The whopping gigantor mega-advantage, however, is that we can mess with the prototype without impacting the super constructor, changing a method or property for every object even after they've been built. This is rarely done in practice in higher-level code since it would make for an awfully confusing API but it can be handy for under-the-hood type stuff where you might want to share a changing value across a set of instances without just making it global.
The reason we get this post-instantiated behavior is because JS inheritance actually operates on a lookup process where any method call runs up the chain of instances and their constructor prototype properties until it finds the method called or quits. This can actually get slow if you go absolutely insane with cascading inheritance (which is widely regarded as an anti-pattern anyway).
I don't actually hit prototype specifically for inheritacne a lot myself, instead preferring to build up objects via a more composited approach but it's very handy when you need it and offers a lot of less obvious utility. For instance when you have an object that would be useful to you if only one property were different, but you don't want to touch the original.
var originInstance = {
originValue:'only on origin',
theOneProperty:'that would make this old object useful if it were different'
}
function Pseudoclone(){
this.theOneProperty = "which is now this value";
}
Pseudoclone.prototype = originInstance;
var newInstance = new Psuedoclone();
//accesses originInstance.originValue but its own theOneProperty
There are more modern convenience methods like Object.create but only function constructors give you the option to encapsulate private/instance vars so I tend to favor them since 9 times out of 10 anything not requiring encapsulation will just be an object literal anyway.

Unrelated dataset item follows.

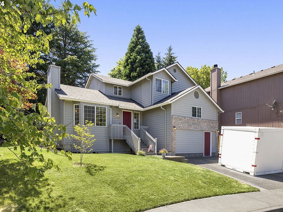 Charming Bethany 4 bedroom home on cul-de-sac. Welcoming entry to vaulted spacious living room with cozy gas fireplace. Kitchen with wood cabinets and luxury vinyl flooring, flows into the dining area and family room. Second floor, primary suite with walk-in closet, and private full bathroom. Two additional large bedrooms upstairs. Lovely backyard cement paver patio off family room, has partially fenced yard allowing for privacy. Garage converted with permits into 4th bedroom or office, utility area and storage. 4th bedroom has separate entrance. All houses on cul-de-sac face protected wetland and the Stoller Creek Greenway walking paths.

Overriding and Call Object Order:
( function Constructor(){
var private = "public referencing private";
this.myMethod = function(){ alert(private); }
} ).prototype = { myMethod:function(){ alert('prototype'); };
var instance = new Constructor();
instance.myMethod = function(){ alert(private); }
instance.myMethod();//"undefined"
Note: the parens around the constructor allow it to be defined and evaluated in one spot so I could treat it like an object on the same line.
myMethod is alerting "undefined" because an externally overwritten method is defined outside of the constructor's closure which is what effective makes internal vars private-like. So you can replace the method but you won't have access to what it did.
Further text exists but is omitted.